Bu savcılar hukuku biliyorlarsa bence sayın Cumhurbaşkanımıza ve hükümete karşı yanlışın içindeler. Hukuken de yanlış, siyaseten de yanlış. Sayın Babacan 14 yıldır bakanlık yaptı. 2002’de benden önce. Ben Meclis Başkanıydım. Bir bakanın yargılanması konusunda Anayasa’da özel hükümler var bu bir. Bunu sayın savcının bilmesi lazım. İkincisi bu bakana herhangi bir suçlama varsa, sayın savcım şunu bilsin, Bakanlar Kurulu’nda ortak sorumluluk esastır. Bunu düşünsün, aklını başına alsın. Bakanlık yaptığına, görevinden dolayı suçlamalar olacaksa bütün Bakanlar Kurulu’nu ortaya koyacak uygulama yapması lazım.
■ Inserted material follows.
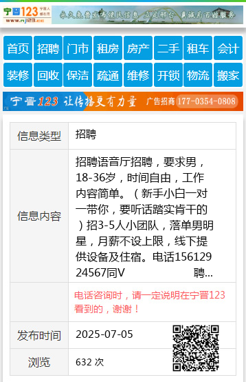 招聘语音厅招聘,要求男,18-36岁,时间自由,工作内容简单。(新手小白一对一带你,要听话踏实肯干的)招3-5人小团队,落单男明星,月薪不设上限,线下提供设备及住宿。电话15612924567同V 聘
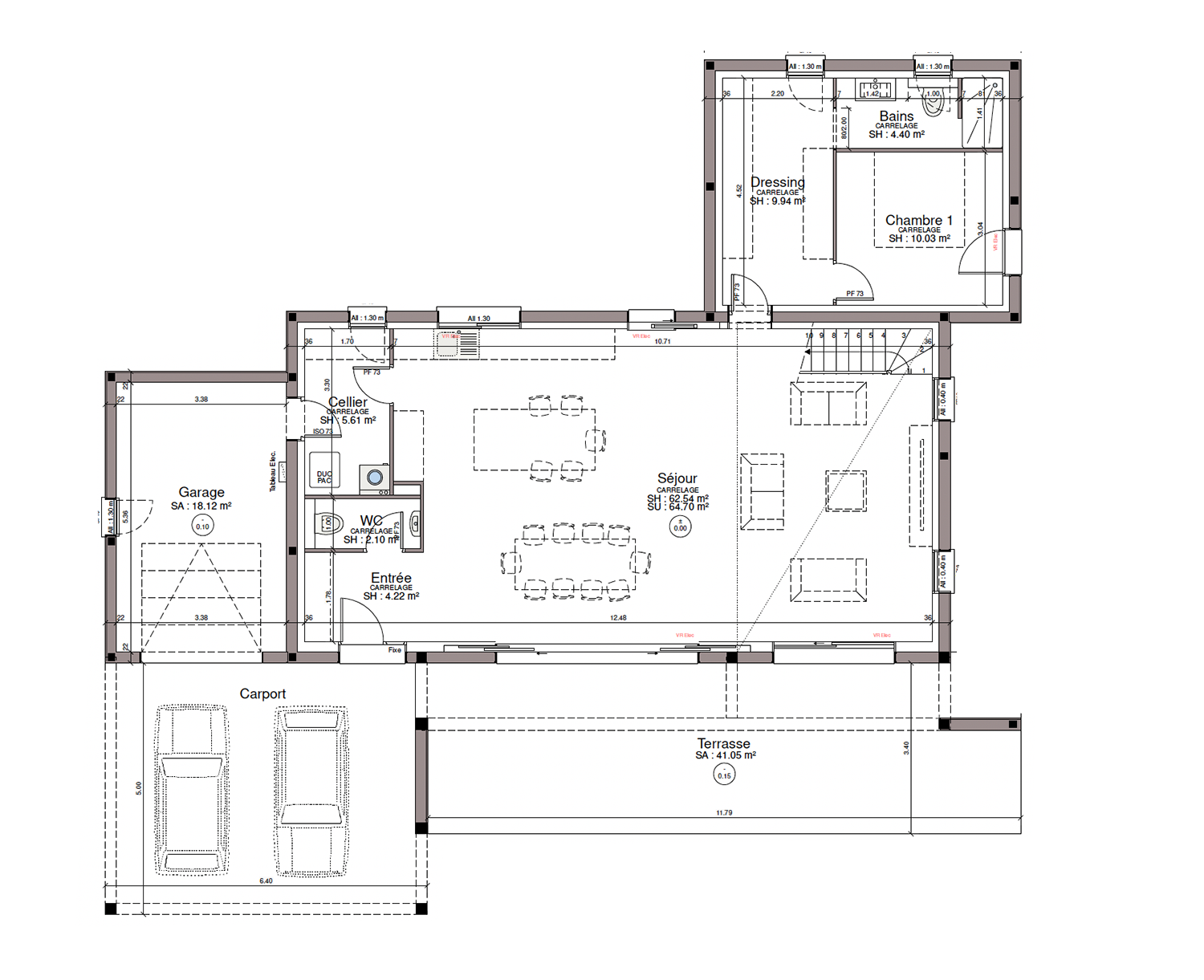 Le modèle AIGUE-MARINE, présenté ici, dispose d'une surface habitable de 149m², d'un RDC avec une sublime suite parentale de 10,03 m² reliant salle de bains et dressing pour une suite complète et optimisée.

Eğer Babacan’ın yeni parti kurmak iddiasına karşı böyle bir tehdit öngörülüyorsa, Babacan parti kurmasını hızlandırırsınız.

“BU SUÇLAMALAR KABAK TADI VERİYOR”

Sayın Akşener’e karşı seçimlerden önce de birtakım tehditler yöneltilmişti, ben onun yanlış olduğunu söyledim. Afyon’a gelseydi AK Parti kurucusu oluyordu. Eski bir arkadaşımızı başka bir partide görev yapıyor diye doğrusu suçlamak çok insani değil. Bu suçlamalar o kadar kabak tadı veriyor ki. Yargı reformu stratejisi çok önemlidir. Sayın Abdulhamit Gül başarılı bakanımız. Lekelenme hakkı dedi. Önce ciddi mi diye ona bakacaklar.

“BABACAN’LA BİR GÖRÜŞMEM OLDU”

Benim talebimle sayın Babacan’la bir görüşmem oldu. Her şeyi konuştuk. Ben Babacan’ı çok severim. Geçen bir haber çıktı, çok üzüldüm. Güya ben ikisiyle değerlendirme yapmışım, güya yemekteymişim. Allah korusun arkadaşlarımı çok sever ve takdir ederim. Ben onlardan farklı düşünüyorum. AK Parti’ye zarar verecek parti kurulmasını uygun görmüyorum. Ama şahsen onları çok seviyorum. Cumhurbaşkanımızın bir şey deklare etmesi lazım. Başta söylediğim gibi Şeyh Edebali’nin vasiyetine uygun olarak tekrar arkadaşlarımla elele vereceğim, bu ülkeyi ileri götürmek için, şimdiye kadar hatalarımız olmuştur, elele verip, kucaklaşalım, tekrar Türkiye’yi 2023’lere ve hedeflere götürelim diyebilir. Bu olasılık en az yüzde 20’lik var. Kapılar kapanmadı, arkadaşlarımın iyi niyette olduklarına inanıyorum. Onlar gidişatın eksiklikleri, bu takdirde giderlerse daha kötü olacağına inanıyorlar. Sayın Davutoğlu’nun bildirisinde bunda yanlış yok diyebilirsiniz. Külliyen bir zihniyet değişimine ihtiyaç var. Bir ağlamaya ihtiyaç var. Biz ne çilelerden, zindanlardan geçtik kardeşim. Artık Yüksek İstişare Kurulu’yla ilgili hiçbir şey konuşmayacağım.Belki Cumhurbaşkanı İletişim Başkanlığı birtakım açıklama yapabilir. Benden bu kadar..."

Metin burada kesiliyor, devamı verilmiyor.